If the device supports Modern Standby, it won't support sleep states S1, S2, and S3.
Sleep power state (S1, S2, S3)
The "Sleep" power state can also have the ACPI state of S1, S2, or S3. In this state, computers will appear offline, but the system memory will continue working to allow the device to resume quickly. In addition, some components will remain active, including network adapter, keyboard, mouse, and USB devices.
The "Hybrid sleep" mode is also available in this category, which allows the system to create a hibernation file to preserve the current session if the device loses power during sleep.
Hibernate state (S4)
The "Hibernate" power state is described as "S4" and defines when the system appears powered down. When the device goes into hibernation mode, the system saves the contents loaded into memory to the hard drive to preserve the most energy.

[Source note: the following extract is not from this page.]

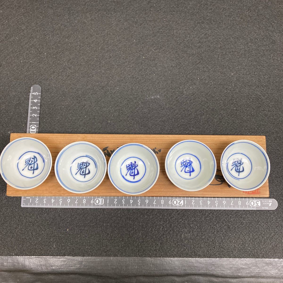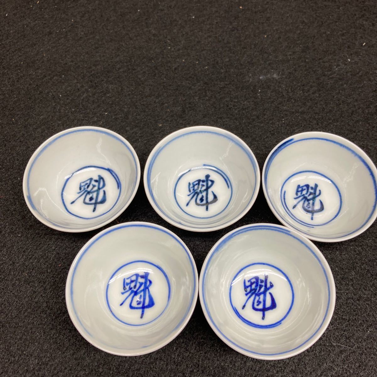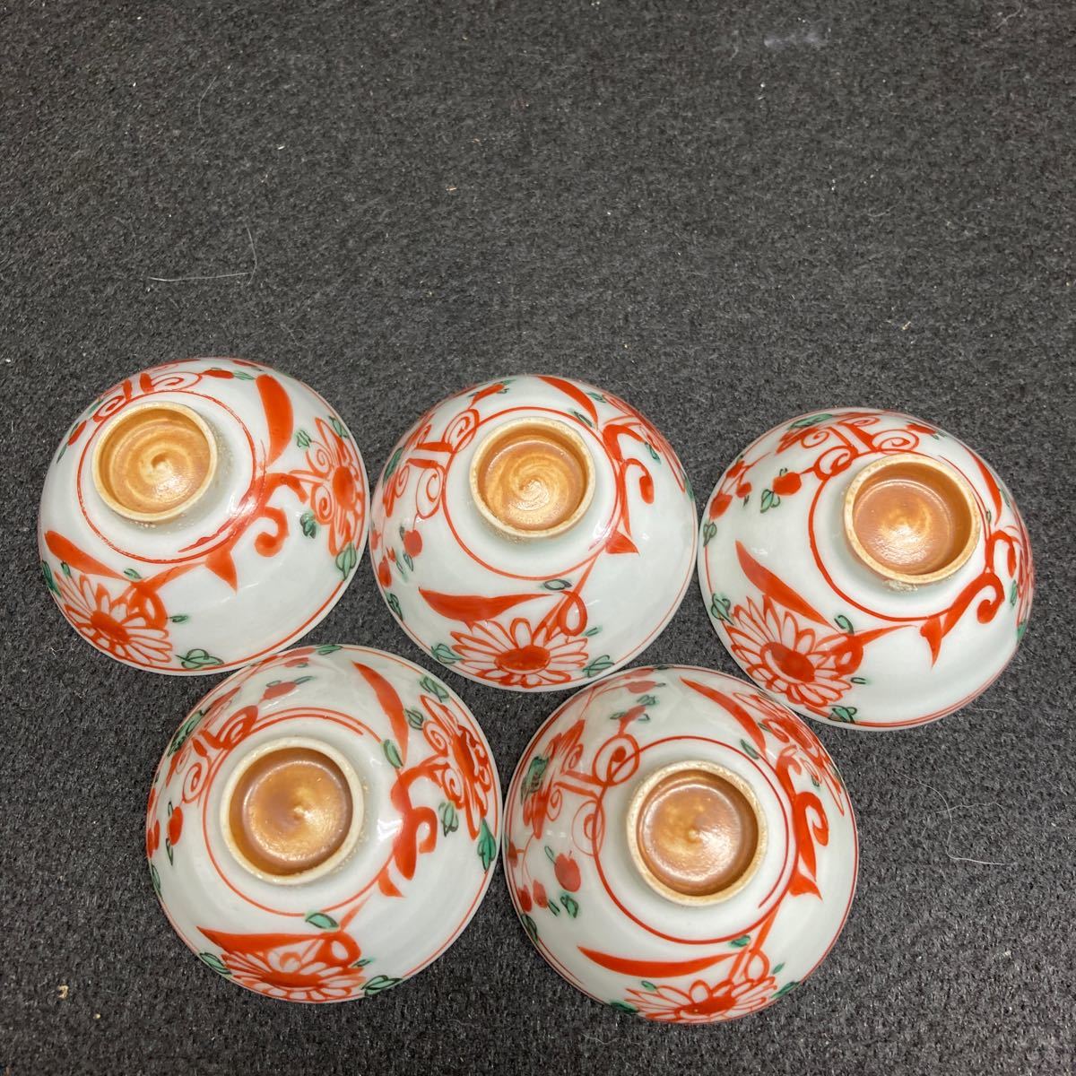 京焼き 橘吉造 呉須赤絵 盃   五客組 共箱付き アンテーク  盃に陶印有りません

However, some components, such as a keyboard, network adapter, and USB devices, will continue to be powered on so that those devices can be used to wake up the computer.

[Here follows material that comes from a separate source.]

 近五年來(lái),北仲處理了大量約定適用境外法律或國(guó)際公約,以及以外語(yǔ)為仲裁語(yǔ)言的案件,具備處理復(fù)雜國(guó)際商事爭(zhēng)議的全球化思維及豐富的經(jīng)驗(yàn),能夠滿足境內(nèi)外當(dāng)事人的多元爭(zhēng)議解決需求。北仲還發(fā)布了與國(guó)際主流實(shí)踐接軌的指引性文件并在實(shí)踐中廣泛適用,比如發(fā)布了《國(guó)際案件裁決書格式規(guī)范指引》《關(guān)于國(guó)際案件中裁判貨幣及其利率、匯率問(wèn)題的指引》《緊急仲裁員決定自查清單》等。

At this power state level, that's where you will also find the "fast startup" state. The fast startup state works similarly to hibernate, but in this power state, any logged-on user will be logged off, and then the system will create the hibernation file, saving the contents in memory to the hard drive, and then the computer shuts down. This approach allows to speed up the boot process.
Soft Off power state (S5)
The "Soft Off" power state has an ACPI designation of "S5" and describes the state between fully powered off and boot cycle.
Mechanical Off power state (G3)
The "Mechanical Off" power state has an ACPI designation of "G3" and defines when the device is shut down.
This guide outlines all the possible power states, but some of them (S0 and G3) won't be listed in the command output, even if they're supported on your computer's hardware.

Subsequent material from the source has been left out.